Many books on information retrieval describe the algorithms behind search engines and information retrieval systems. By contrast, this book focuses on the human users of search systems and the tool they use to interact with them: the search user interface. Because of their global reach, search user interfaces must be understandable by and appealing to a wide variety of people of all ages, cultures and backgrounds, and for an enormous variety of information needs.
The truly world-wide reach of the Web has brought with it a new realization among computer scientists and lay persons alike of the enormous importance of usability and user interface design. In the last ten years, much has become understood about what works in search interfaces from a usability perspective, and what does not. Researchers and practitioners have developed a wide range of innovative interface ideas, but only the most broadly acceptable make their way into major web search engines. This book attempts to summarize these developments, presenting the state of the art of search interface design, both in academic research and in deployment in commercial systems.

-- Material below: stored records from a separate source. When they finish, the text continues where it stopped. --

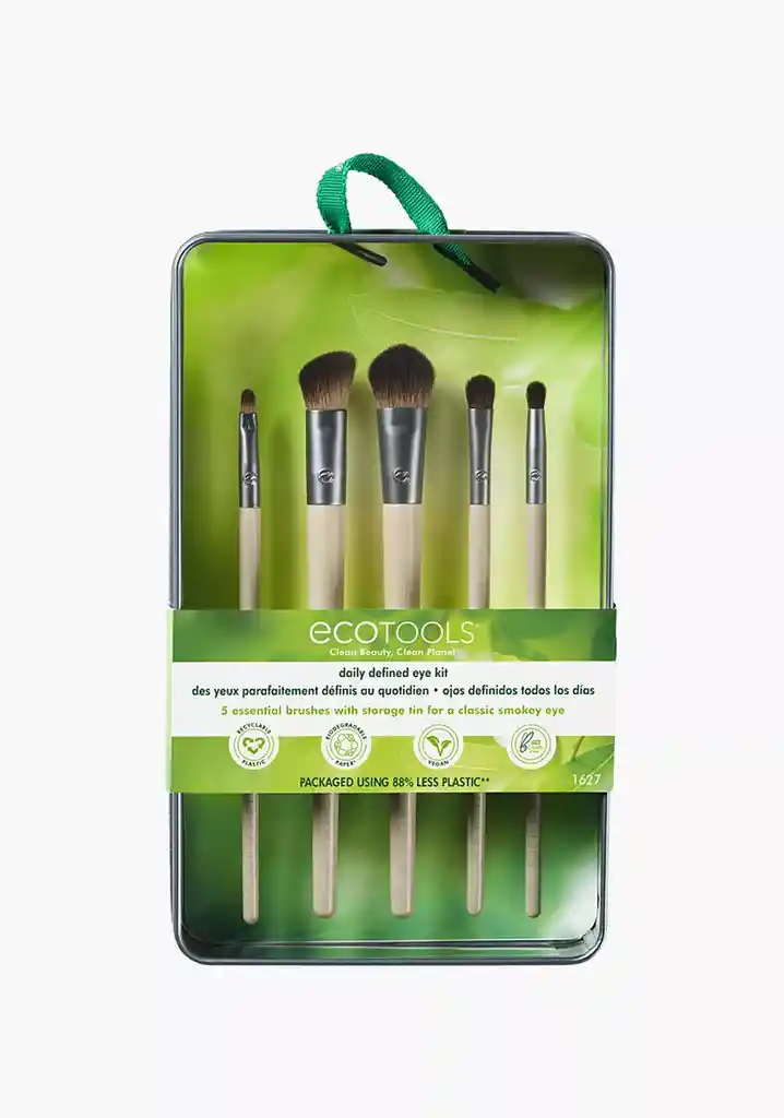Kit diario para ojos definidos de Ecotools Incluye brochas para difuminar, difuminar y definir, además de una brocha doble para aplicar delineador y pestañas. Elaborado con materiales libres de crueldad animal y diseñado para reducir los residuos plásticos, este set de maquillaje ecológico te ayudará a crear aplicaciones precisas y una rutina de belleza ecológica. Brochas: Gran sombra Pliegue en ángulo Sombra de acento Delineador de detalles Delineador manchado Características principales: Plástico reciclable Papel biodegradable Vegano PETA Cruelty Free Modo de empleo: SOMBRA: Aplique la sombra en el párpado con el pincel grande para sombras. LÍNEA: Agrega definición a lo largo de la línea de las pestañas con el pincel Detail Liner DIFUNDIR: Mezcla los colores con el pincel Liner Smudge ACENTO: usa el pincel Sombra de acento para agregar un toque de color adicional DEFINIR: Crea definición con el pincel Angled Crease en el pliegue del párpado. ORGANIZA: Organiza de forma personalizada tu rutina de belleza con el Beautify Brush
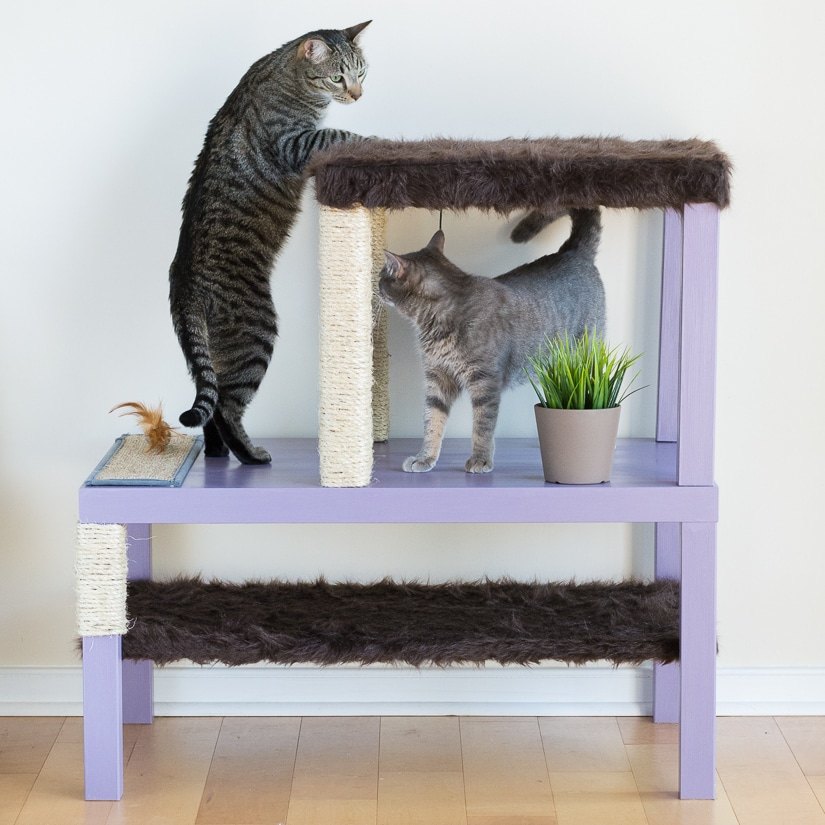 Материалы: кофейный столик; тумбочка; сизалевая веревка; степлер; клей; кусочек ткани из искусственного меха; краска; игрушки для кота (кстати, вы можете посмотреть, как сделать игрушку для котёнка своими руками на нашем сайте).
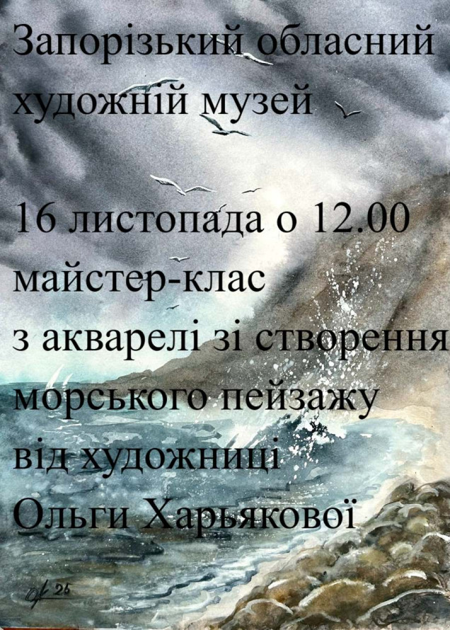 — 16 листопада о 12.00 — майстер-клас з акварелі «Морський пейзаж» від художниці, заступниці голови Запорізького міського об’єднання художників «Колорит» Ольги Харьякової. Музей надає матеріали, але можна взяти з собою свої улюблені пензлики та фарби.
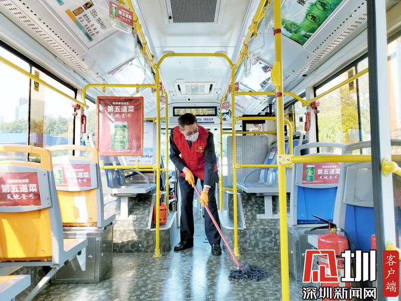 深圳巴士集團(tuán)四分公司工作人員對(duì)公交車進(jìn)行消毒擦洗。
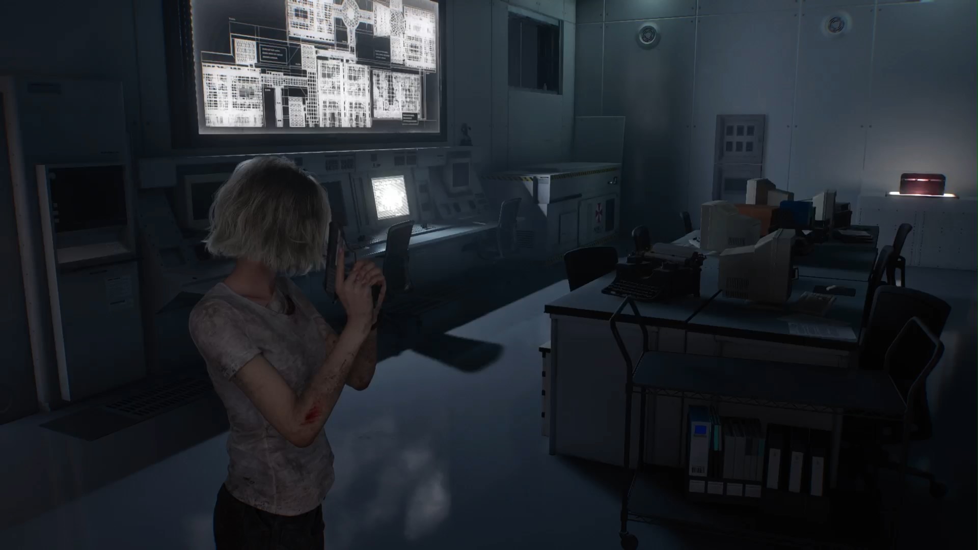 Salite le scale di fronte all’Ufficio del Custode, all’ultimo piano rompete le casse e prendete MUNIZIONI e SCARTI. Al primo piano invece entrate nell’Archivio per trovare altre MUNIZIONI, un AUTOINIETTORE VUOTO su uno scaffale il DOCUMENTO – Rapporto della squadra di smaltimento e un COLTELLO DI FORTUNA nell’armadietto.

This is a fast-changing field, and any attempt to summarize the state-of-the-art will no doubt soon be proven obsolete. Nonetheless, certain principles and techniques seem to hold steady over the years, and there is much that is now known about search interfaces that should stand for at least the near future.
0.1: Book Overview
This book outlines the human side of the information seeking process, and focuses on the aspects of this process that can best be supported by the user interface. It describes the methods behind user interface design generally, and search interface design in particular, with an emphasis on how best to evaluate search interfaces. It discusses research results and current practices surrounding user interfaces for query specification, display of retrieval results, grouping retrieval results, navigation of information collections, query reformulation, search personalization, and the broader tasks of sensemaking and text analysis. Much of the discussion pertains to Web search engines, but the book also covers the special considerations surrounding search of other information collections. The chapters are elaborated on in the following paragraphs.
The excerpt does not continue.